On December 21, President Joe Biden signed into law the American Relief Act, 2025 (H.R. 10515), a continuing resolution (CR) that keeps the federal government funded at current levels through March 14. Passage of the bill narrowly avoided a government shutdown that was set to occur at midnight on December 20. The bill passed the House of Representatives with the support of 196 Democrats and 170 Republicans in 366-34 vote. The measure was passed by the Senate 85-11.
Negotiations over government funding hit a snag when President-elect Donald Trump and businessman Elon Musk pressured Congress to raise the national debt ceiling and cut federal spending. The original bipartisan bill, which was more than 1,500 pages long, included several provisions aimed at extending expiring health care related authorities and funding. Among these were an increase to Medicare physician payments of 2.5% for 2025, which would have averted nearly all the 2.83% cut to the Medicare physician fee schedule that took effect January 1, and an extension of incentive payments for qualifying participants in advanced alternative payment models through payment year 2027 based on performance year 2025, at an adjusted amount of 3.53%. A two-year extension of Medicare telehealth flexibilities that were scheduled to end on December 31, 2024, was also included in the bipartisan agreement, as were reauthorizations of the SUPPORT Act and the Pandemic and All Hazards Preparedness Act. The original package also contained reforms to the pharmacy benefit manager (PBM) industry aimed at increasing oversight of PBM services, preventing the use of spread pricing in Medicaid, and requiring PBMs to pass through 100% of rebates to sponsors of prescription drug plans in Medicare and the group health market. However, following objections from Trump and Musk, House Republican leaders sought to push forward a slimmer CR that included a suspension of the debt ceiling. This proposal was voted down 235-174, with 38 Republicans opposing it.

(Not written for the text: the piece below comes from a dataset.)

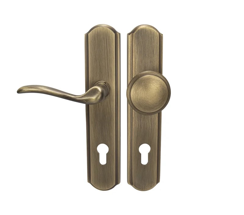 Štítová klika na vchodové a bezpečnostní dveře se zpevněným rustikálním štítem bez překrytí cylindrické vložky je vyrobená z materiálů vysoké kvality – mosaz a je povrchově upravená.

The CR that eventually passed did not include many of the health care provisions from the original bill. It did, however, extend certain telehealth authorities for three months, such as the removal of geographic restrictions and the expansion of the list of originating sites. It also includes short-term extensions of the National Health Service Corps, Teaching Health Center Graduate Medical Education program, and Community Health Centers through March 31.
Lawmakers returned to Capitol Hill on January 3 to commence the 119th Congress. Representative Mike Johnson (R-La.) was reelected as Speaker of the House, narrowly securing the position with 218 votes compared to House Democratic Leader Hakeem Jeffries’ (D-N.Y.) 215 votes. The only Republican to vote against Johnson was Rep. Thomas Massie (R-Ky.). While the GOP will control the White House and both chambers of Congress come Inauguration Day, Johnson will lead the House with the narrowest margin of control any party has had in nearly a century.
The House also adopted a rules package for the 119th Congress, which largely mirrors the rules of the 118th Congress. One notable change is the threshold for ousting the House Speaker being raised to nine members of the majority party. Previously, a single majority member could trigger a motion to vacate the chair – the process used to remove former Speaker Kevin McCarthy (R) from leadership in 2023.